### Task directions
Begin at the line containing "烟火树 Merr.)是唇形科" and restate it and each line after it exactly, up to and including the last line below. Leave pictures out.

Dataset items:
● ● ●

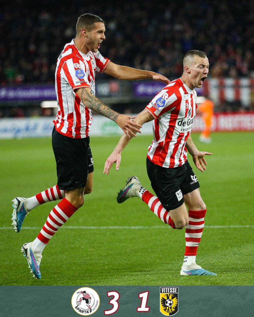Η Σπάρτα Ρότερνταμ αν και βρέθηκε πίσω στο σκορ, κατάφερε να φέρει…τούμπα το παιχνίδι και να επικρατήσει με 3-1 της Φίτεσε. Παραμένουν στο +3 από την ζώνη του υποβιβασμού οι φιλοξενούμενοι.
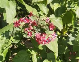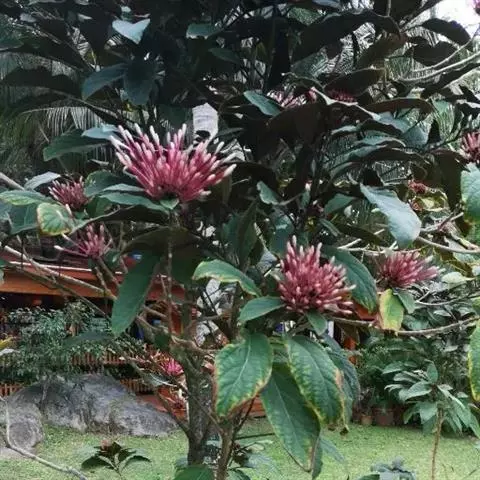 烟火树 Merr.)是唇形科、大青属常绿灌木或小乔木,株高可达4米。幼枝方形,墨绿色。叶对生,…
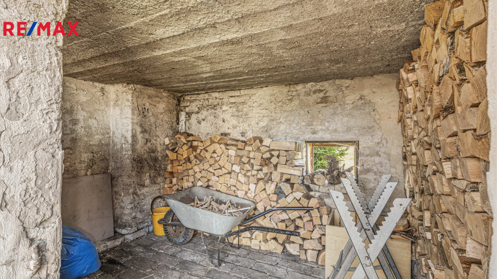 Na obytnou část přímo navazuje stodola o velikosti 59 m² a samostatná kůlna cca 16 m² umístěná v přední části pozemku. Tyto prostory společně vytváří funkční zázemí, které zásadně rozšiřuje využití celé nemovitosti. Součástí domu je také sklep pod koupelnou a půdní prostor vhodný k dalšímu využití. Právě tato kombinace dělá z nemovitosti něco víc než jen běžný rodinný dům.
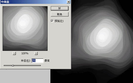 6、合成相近的颜色:对图像应用“滤镜->杂色->中间值”命令,制作按地形的高度排列等高线的阶梯形状。
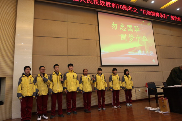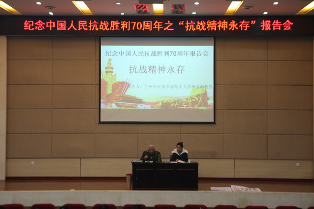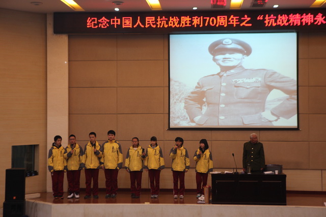 今年是中国人民抗日战争暨世界反法西斯战争胜利70周年,为纪念英雄的丰功伟绩,激励青少年健康成长,我校有幸请到了抗战老战士,陕西师范大学杨清源教授于12月23日下午在报告厅作“抗战精神永存”主题讲座,初2017级300多名同学聆听了本次讲座。
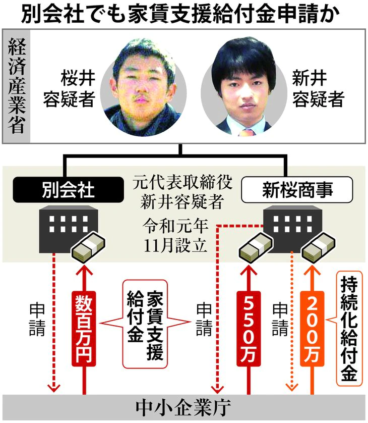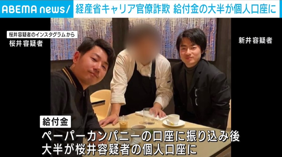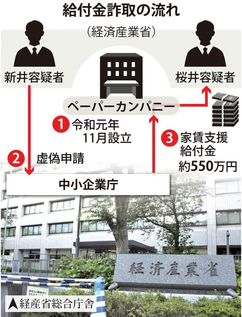 二人は、昨年12月、互いの苗字を冠し、投資目的で設立した『新桜商事』というペーパーカンパニーの口座に家賃6ヵ月分に当たる給付金約550万を振り込ませた疑いで逮捕され、二人とも経産省キャリアなので給付金の制度は熟知してことも関係しています。
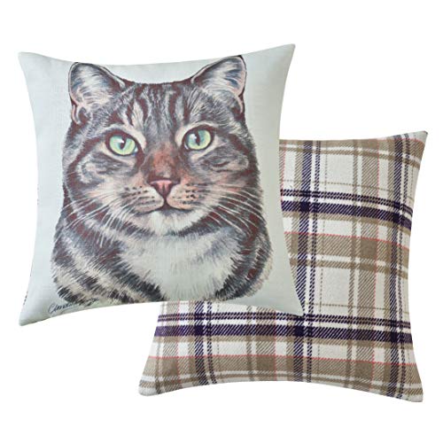 Maturi Filled Seat Cushion with Tabby Cat Watercolour Image, Chair Sofa Pillow - 43 x 43cm / 17 x 17-inch
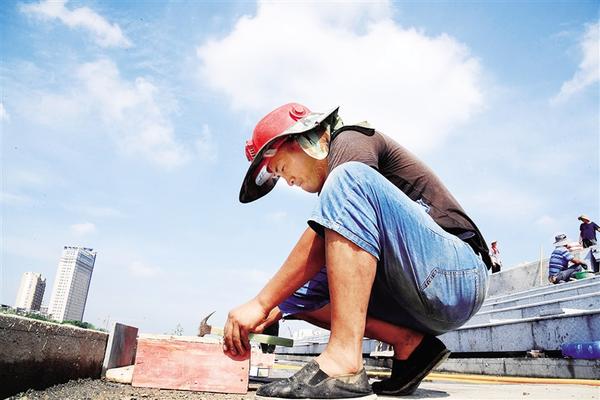 7月30日上午,工人们在沙颍河(八一大道至中州大道段)堤岸改造工程工地紧张施工。此段作为沙颍河市区三期综合治理工程之一,经过几个月的施工,内堤治理中的堤坡改造成台阶状,建成后可供游客观光休息,也可为此段沙颍河开展水上娱乐活动提供观景台。记者 梁照曾 摄
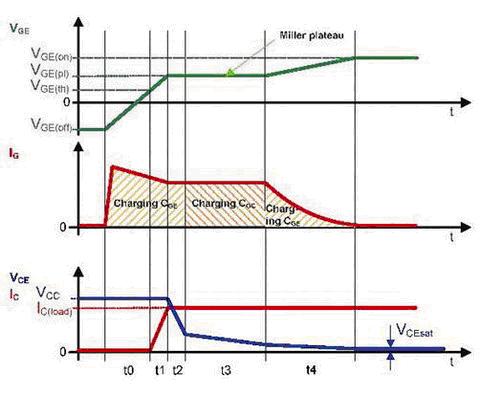 正如IG=f(t)圖所示,導(dǎo)通過程可以分為三個階段。分別是柵極-發(fā)射極電容的充電,柵極-集電極電容的充電和柵極-發(fā)射極電容的充電直至IGBT全飽和。柵極電流IG對輸入電容進(jìn)行充電,IGBT的導(dǎo)通和關(guān)斷特性由與充電過程有關(guān)的電壓VGE和VCE來體現(xiàn)。在關(guān)斷期間,所描述的過程運(yùn)行在相反的方向,電荷必須從柵極上移除。

● ● ●

### Task result
 烟火树 Merr.)是唇形科、大青属常绿灌木或小乔木,株高可达4米。幼枝方形,墨绿色。叶对生,…
 Na obytnou část přímo navazuje stodola o velikosti 59 m² a samostatná kůlna cca 16 m² umístěná v přední části pozemku. Tyto prostory společně vytváří funkční zázemí, které zásadně rozšiřuje využití celé nemovitosti. Součástí domu je také sklep pod koupelnou a půdní prostor vhodný k dalšímu využití. Právě tato kombinace dělá z nemovitosti něco víc než jen běžný rodinný dům.
 6、合成相近的颜色:对图像应用“滤镜->杂色->中间值”命令,制作按地形的高度排列等高线的阶梯形状。
 今年是中国人民抗日战争暨世界反法西斯战争胜利70周年,为纪念英雄的丰功伟绩,激励青少年健康成长,我校有幸请到了抗战老战士,陕西师范大学杨清源教授于12月23日下午在报告厅作“抗战精神永存”主题讲座,初2017级300多名同学聆听了本次讲座。
 二人は、昨年12月、互いの苗字を冠し、投資目的で設立した『新桜商事』というペーパーカンパニーの口座に家賃6ヵ月分に当たる給付金約550万を振り込ませた疑いで逮捕され、二人とも経産省キャリアなので給付金の制度は熟知してことも関係しています。
 Maturi Filled Seat Cushion with Tabby Cat Watercolour Image, Chair Sofa Pillow - 43 x 43cm / 17 x 17-inch
 7月30日上午,工人们在沙颍河(八一大道至中州大道段)堤岸改造工程工地紧张施工。此段作为沙颍河市区三期综合治理工程之一,经过几个月的施工,内堤治理中的堤坡改造成台阶状,建成后可供游客观光休息,也可为此段沙颍河开展水上娱乐活动提供观景台。记者 梁照曾 摄
 正如IG=f(t)圖所示,導(dǎo)通過程可以分為三個階段。分別是柵極-發(fā)射極電容的充電,柵極-集電極電容的充電和柵極-發(fā)射極電容的充電直至IGBT全飽和。柵極電流IG對輸入電容進(jìn)行充電,IGBT的導(dǎo)通和關(guān)斷特性由與充電過程有關(guān)的電壓VGE和VCE來體現(xiàn)。在關(guān)斷期間,所描述的過程運(yùn)行在相反的方向,電荷必須從柵極上移除。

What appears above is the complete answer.